Entries taken from a collection:
▶
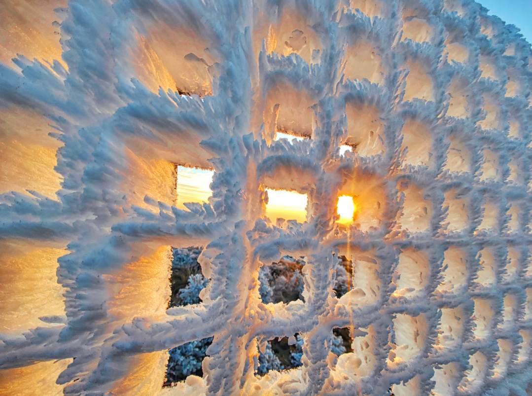 红日映雾凇,山间“飞”冰蝶!这些冬日限定美景简直绝绝子→
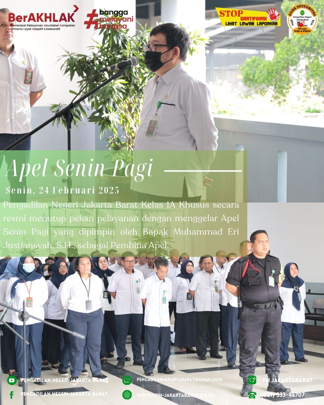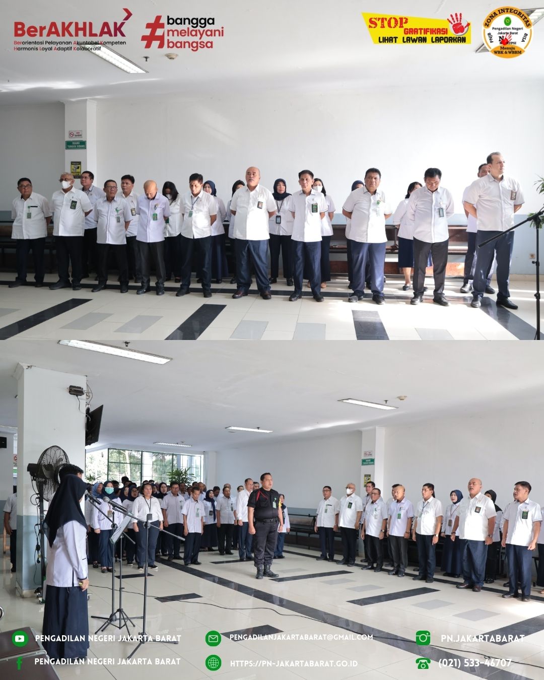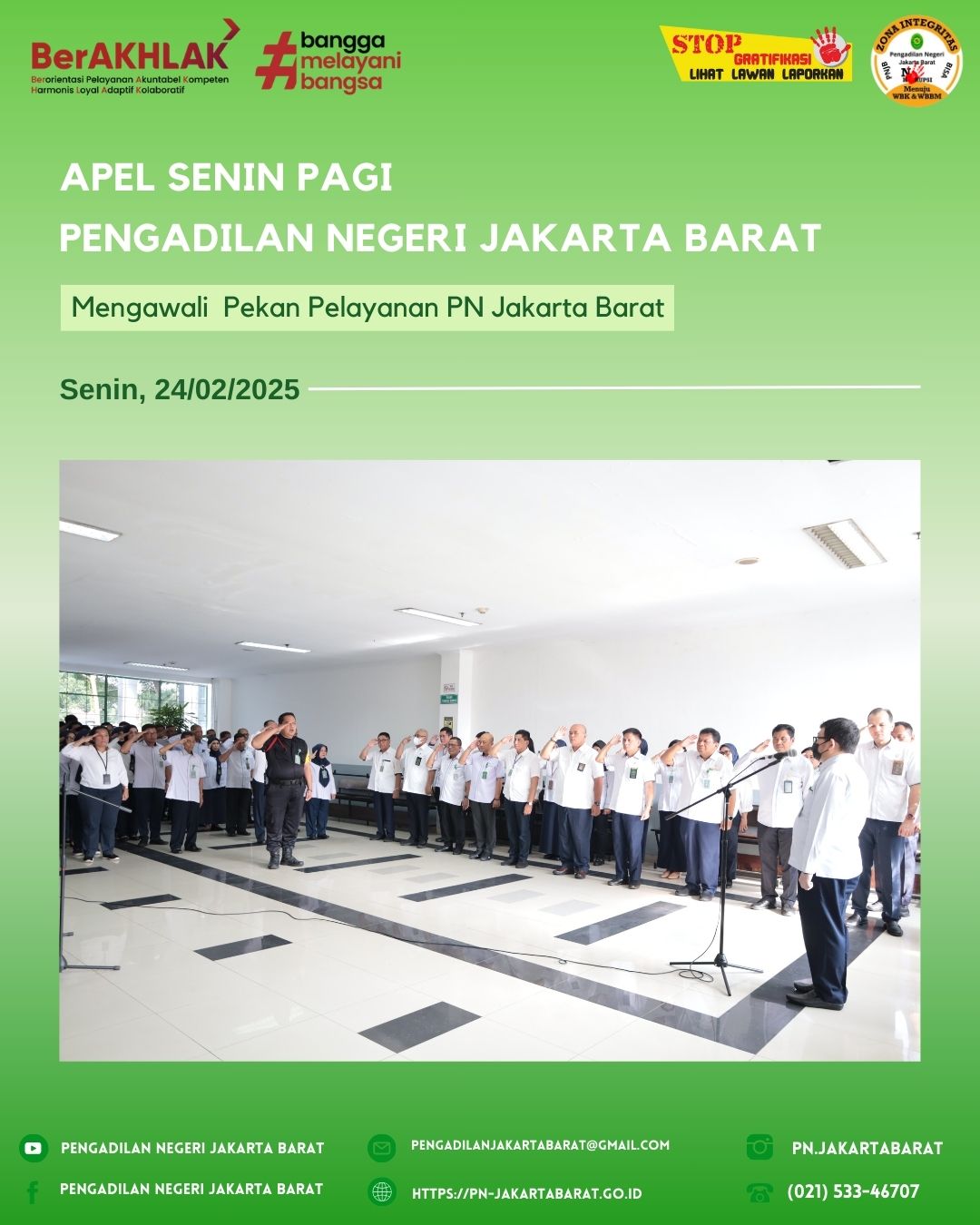Apel Senin Pagi ini diharapkan menjadi awal yang baik untuk memulai pekan pelayanan di Pengadilan Negeri Jakarta Barat Kelas 1A Khusus. Semangat dan komitmen seluruh pegawai dalam menjalankan tugasnya diharapkan dapat terus mengukuhkan citra lembaga pengadilan yang profesional dan berkualitas.
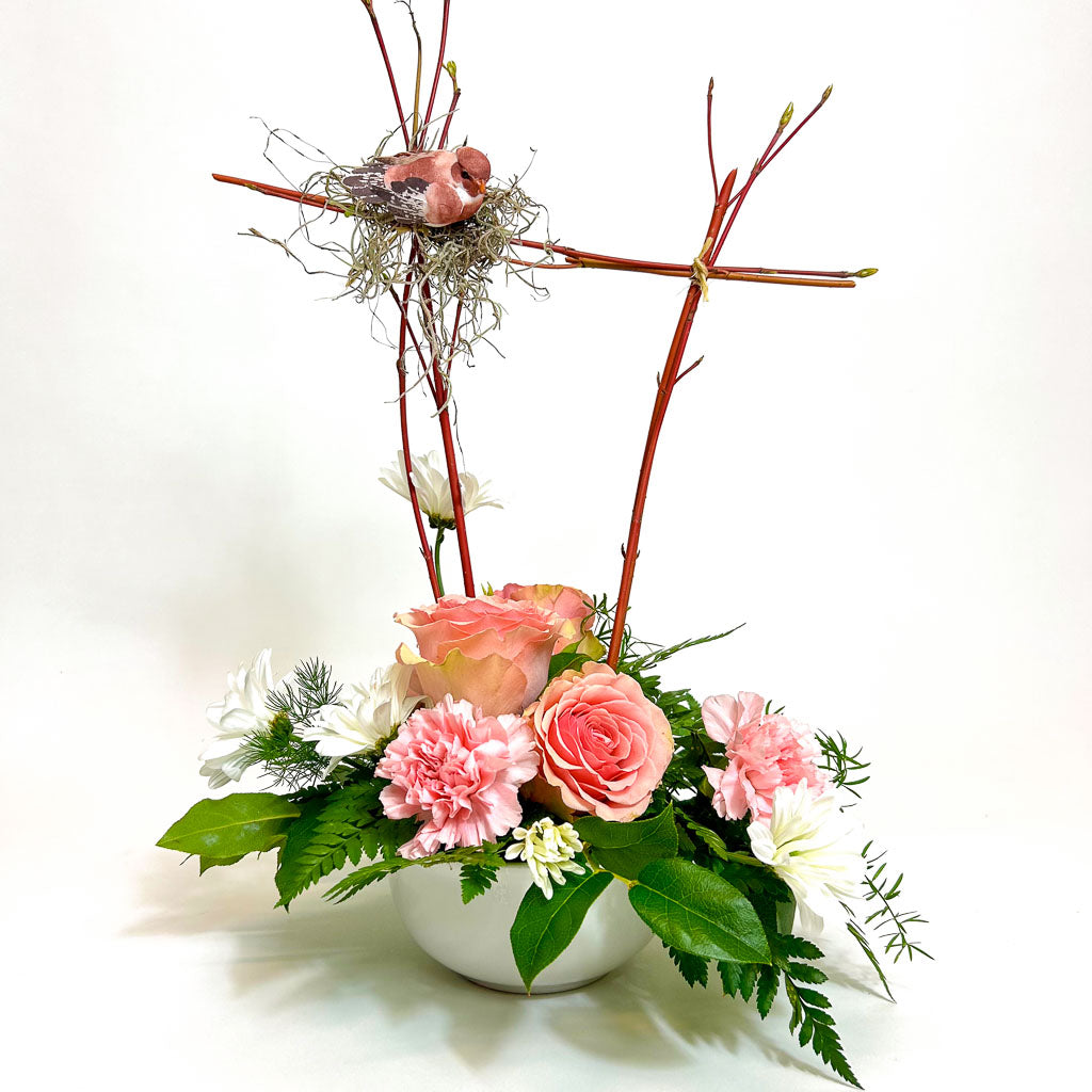 This bouquet features three roses, three carnations, and a pom, all delicately arranged with a nested bird figurine. Enjoy these beautiful flowers' bright colors and thoughtful synergy brimming with life and energy.
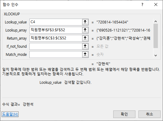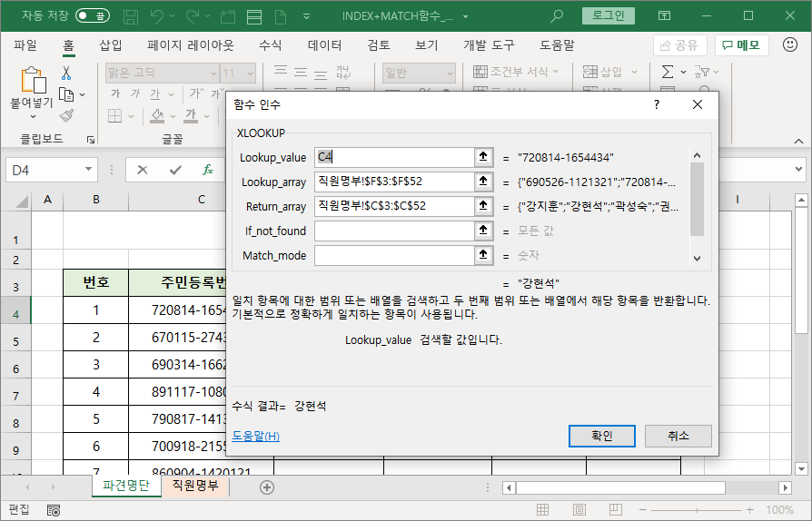 Return_array 인수에 참조표에서 이름이 입력되어 있는 열 범위 [직원명부!C3:C52]를 선택하고 절대 참조합니다.
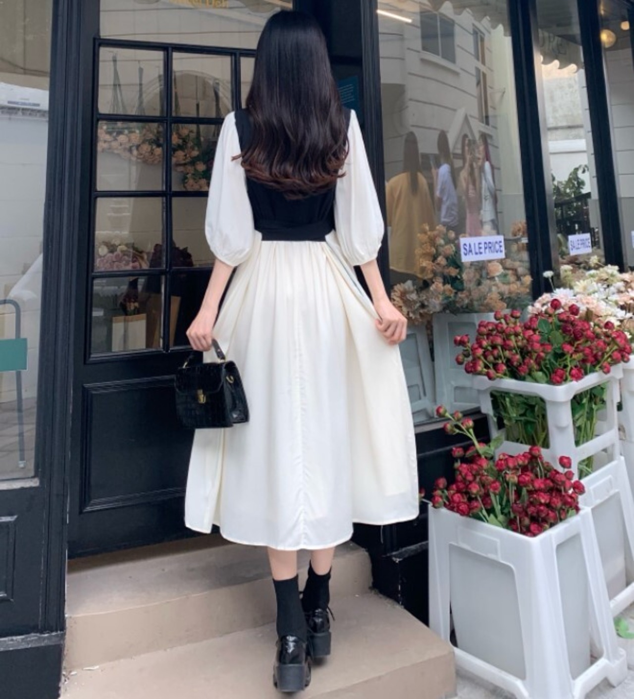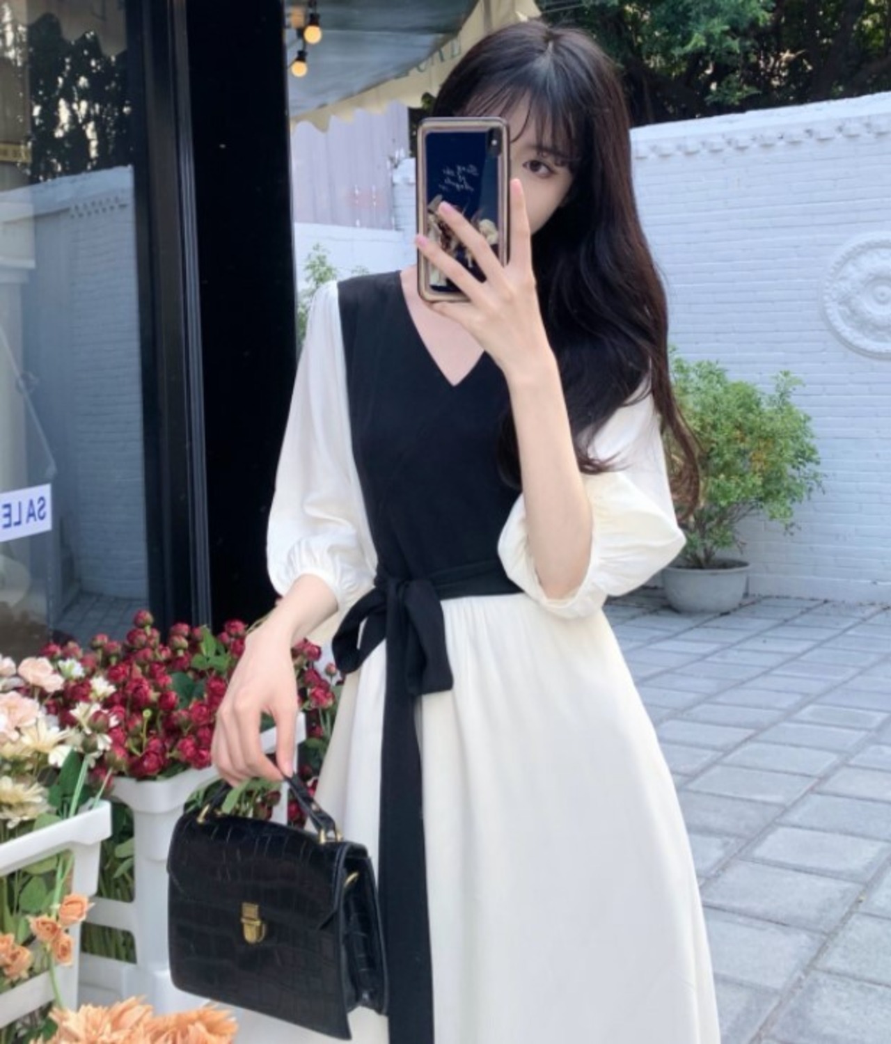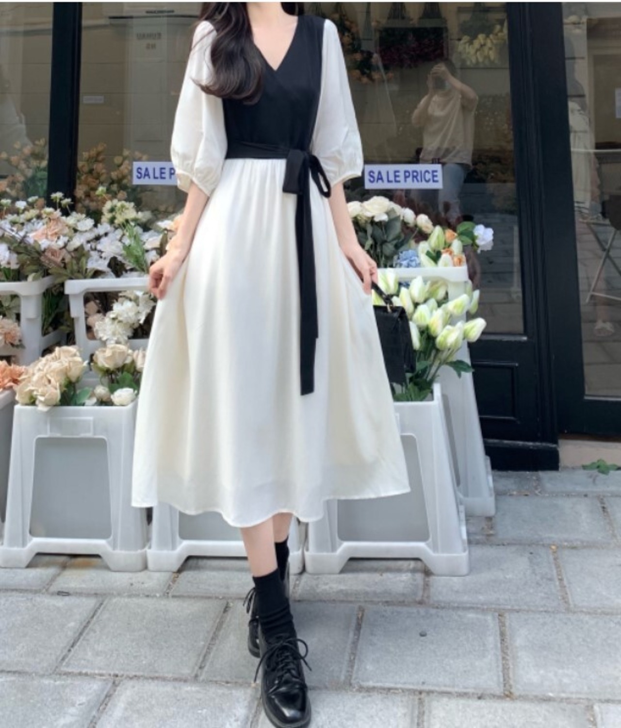 ワンピース バイカラー レディース 春夏 ミモレ丈 Vネック 五分袖 ガーリー リボン ハイウエスト フレアスカート フェミニン Aライン ab2207
◀
Your goal ▸ Output the data above exactly. Drop every picture.

Expected output ▸
 红日映雾凇,山间“飞”冰蝶!这些冬日限定美景简直绝绝子→
Apel Senin Pagi ini diharapkan menjadi awal yang baik untuk memulai pekan pelayanan di Pengadilan Negeri Jakarta Barat Kelas 1A Khusus. Semangat dan komitmen seluruh pegawai dalam menjalankan tugasnya diharapkan dapat terus mengukuhkan citra lembaga pengadilan yang profesional dan berkualitas.
 This bouquet features three roses, three carnations, and a pom, all delicately arranged with a nested bird figurine. Enjoy these beautiful flowers' bright colors and thoughtful synergy brimming with life and energy.
 Return_array 인수에 참조표에서 이름이 입력되어 있는 열 범위 [직원명부!C3:C52]를 선택하고 절대 참조합니다.
 ワンピース バイカラー レディース 春夏 ミモレ丈 Vネック 五分袖 ガーリー リボン ハイウエスト フレアスカート フェミニン Aライン ab2207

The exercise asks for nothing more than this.